··· Given entries ···

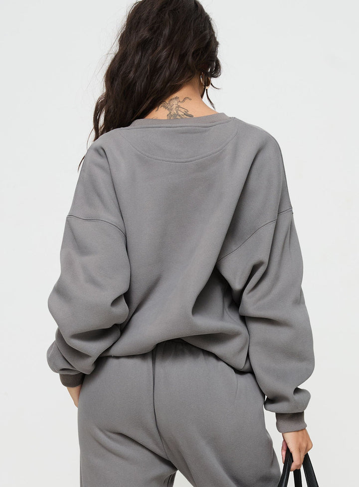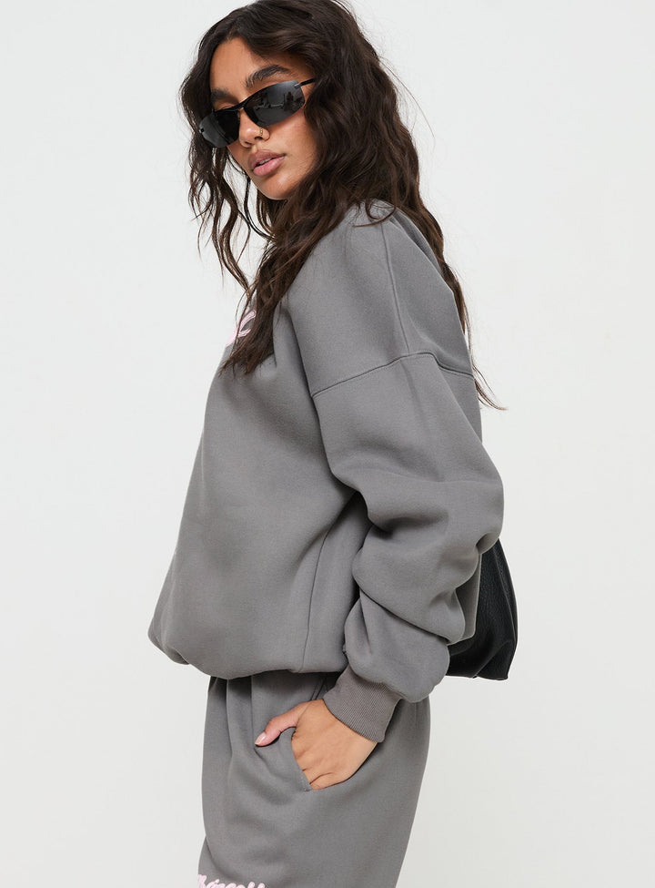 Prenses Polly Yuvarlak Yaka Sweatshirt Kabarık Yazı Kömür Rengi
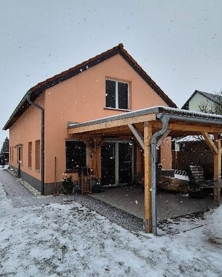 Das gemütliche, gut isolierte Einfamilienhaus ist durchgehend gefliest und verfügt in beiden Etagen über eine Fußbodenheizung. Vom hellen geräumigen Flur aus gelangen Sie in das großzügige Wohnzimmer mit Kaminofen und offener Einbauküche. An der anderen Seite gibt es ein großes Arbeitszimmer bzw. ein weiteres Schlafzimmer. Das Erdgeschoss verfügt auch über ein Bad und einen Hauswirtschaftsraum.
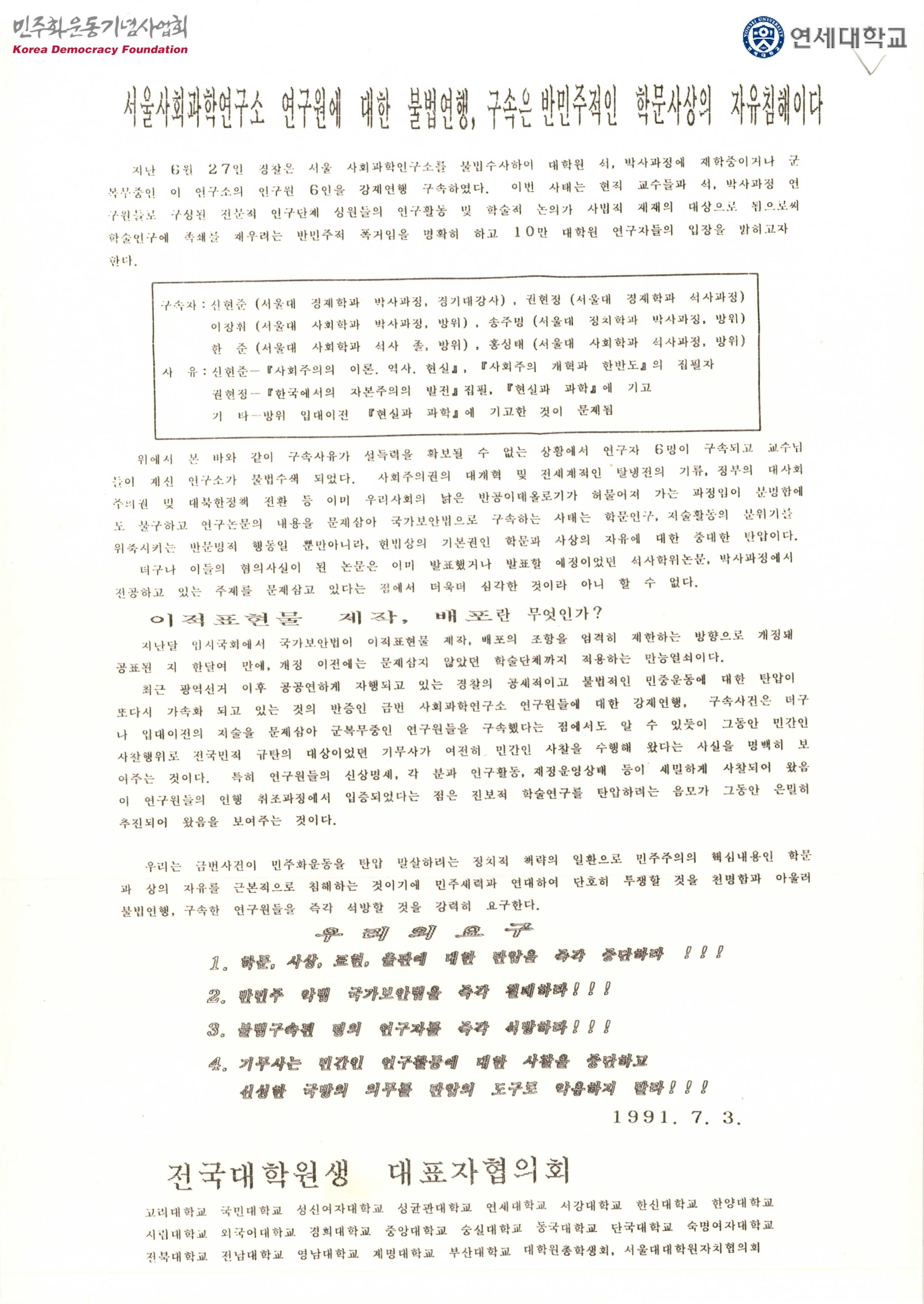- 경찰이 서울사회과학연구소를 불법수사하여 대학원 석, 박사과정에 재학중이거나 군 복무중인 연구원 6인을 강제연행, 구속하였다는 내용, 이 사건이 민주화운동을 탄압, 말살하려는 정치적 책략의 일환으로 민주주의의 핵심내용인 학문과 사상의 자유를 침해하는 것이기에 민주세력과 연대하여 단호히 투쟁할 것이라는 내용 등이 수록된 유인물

···
··· Given entries ···

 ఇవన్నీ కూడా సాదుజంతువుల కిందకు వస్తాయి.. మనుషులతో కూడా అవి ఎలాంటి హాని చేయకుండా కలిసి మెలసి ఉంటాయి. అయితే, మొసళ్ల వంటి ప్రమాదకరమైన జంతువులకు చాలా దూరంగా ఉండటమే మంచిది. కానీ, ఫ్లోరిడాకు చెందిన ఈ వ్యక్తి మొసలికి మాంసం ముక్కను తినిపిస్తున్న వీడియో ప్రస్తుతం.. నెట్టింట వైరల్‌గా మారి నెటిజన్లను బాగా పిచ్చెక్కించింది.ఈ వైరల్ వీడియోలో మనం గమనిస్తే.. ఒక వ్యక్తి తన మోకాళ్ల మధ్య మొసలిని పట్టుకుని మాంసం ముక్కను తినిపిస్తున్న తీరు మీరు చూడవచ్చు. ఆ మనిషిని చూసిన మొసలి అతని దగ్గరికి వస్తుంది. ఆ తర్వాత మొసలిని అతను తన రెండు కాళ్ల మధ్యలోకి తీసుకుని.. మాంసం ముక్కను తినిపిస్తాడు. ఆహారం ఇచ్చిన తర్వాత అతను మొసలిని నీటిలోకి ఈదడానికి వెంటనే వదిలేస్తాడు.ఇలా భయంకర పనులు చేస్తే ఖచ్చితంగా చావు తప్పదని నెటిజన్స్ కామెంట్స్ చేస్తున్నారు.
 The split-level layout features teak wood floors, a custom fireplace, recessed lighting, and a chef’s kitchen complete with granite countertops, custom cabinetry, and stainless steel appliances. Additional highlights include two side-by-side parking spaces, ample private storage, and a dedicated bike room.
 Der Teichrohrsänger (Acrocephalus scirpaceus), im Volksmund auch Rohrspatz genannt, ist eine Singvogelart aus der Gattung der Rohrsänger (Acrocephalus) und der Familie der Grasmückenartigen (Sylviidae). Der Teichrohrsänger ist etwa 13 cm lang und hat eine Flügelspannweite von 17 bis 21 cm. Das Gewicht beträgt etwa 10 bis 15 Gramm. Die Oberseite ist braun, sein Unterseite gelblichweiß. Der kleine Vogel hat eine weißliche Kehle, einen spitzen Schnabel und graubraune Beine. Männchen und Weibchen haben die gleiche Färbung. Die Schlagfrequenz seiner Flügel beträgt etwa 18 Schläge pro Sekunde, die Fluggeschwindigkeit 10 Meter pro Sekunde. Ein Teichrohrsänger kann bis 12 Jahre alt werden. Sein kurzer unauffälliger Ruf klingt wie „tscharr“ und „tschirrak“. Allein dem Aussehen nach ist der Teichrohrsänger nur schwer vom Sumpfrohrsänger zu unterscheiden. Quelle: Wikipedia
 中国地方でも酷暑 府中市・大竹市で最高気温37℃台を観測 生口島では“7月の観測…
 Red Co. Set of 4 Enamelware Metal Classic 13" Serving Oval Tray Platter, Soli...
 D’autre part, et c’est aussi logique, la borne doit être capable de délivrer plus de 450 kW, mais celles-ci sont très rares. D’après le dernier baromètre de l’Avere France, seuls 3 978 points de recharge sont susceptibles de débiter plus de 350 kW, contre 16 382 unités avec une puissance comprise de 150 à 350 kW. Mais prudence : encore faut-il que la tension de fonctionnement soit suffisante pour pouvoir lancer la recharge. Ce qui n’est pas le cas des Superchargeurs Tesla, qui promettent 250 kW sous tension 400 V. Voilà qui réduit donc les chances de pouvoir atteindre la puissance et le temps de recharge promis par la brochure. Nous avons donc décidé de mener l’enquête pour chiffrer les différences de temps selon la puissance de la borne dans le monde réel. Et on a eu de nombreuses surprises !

···

Find the line with "Prenses Polly Yuvarlak" in the data above, and from there retype each line exactly through the line with "- 경찰이 서울사회과학연구소를", skipping the pictures along the way.

**Solved exercise**:
 Prenses Polly Yuvarlak Yaka Sweatshirt Kabarık Yazı Kömür Rengi
 Das gemütliche, gut isolierte Einfamilienhaus ist durchgehend gefliest und verfügt in beiden Etagen über eine Fußbodenheizung. Vom hellen geräumigen Flur aus gelangen Sie in das großzügige Wohnzimmer mit Kaminofen und offener Einbauküche. An der anderen Seite gibt es ein großes Arbeitszimmer bzw. ein weiteres Schlafzimmer. Das Erdgeschoss verfügt auch über ein Bad und einen Hauswirtschaftsraum.
- 경찰이 서울사회과학연구소를 불법수사하여 대학원 석, 박사과정에 재학중이거나 군 복무중인 연구원 6인을 강제연행, 구속하였다는 내용, 이 사건이 민주화운동을 탄압, 말살하려는 정치적 책략의 일환으로 민주주의의 핵심내용인 학문과 사상의 자유를 침해하는 것이기에 민주세력과 연대하여 단호히 투쟁할 것이라는 내용 등이 수록된 유인물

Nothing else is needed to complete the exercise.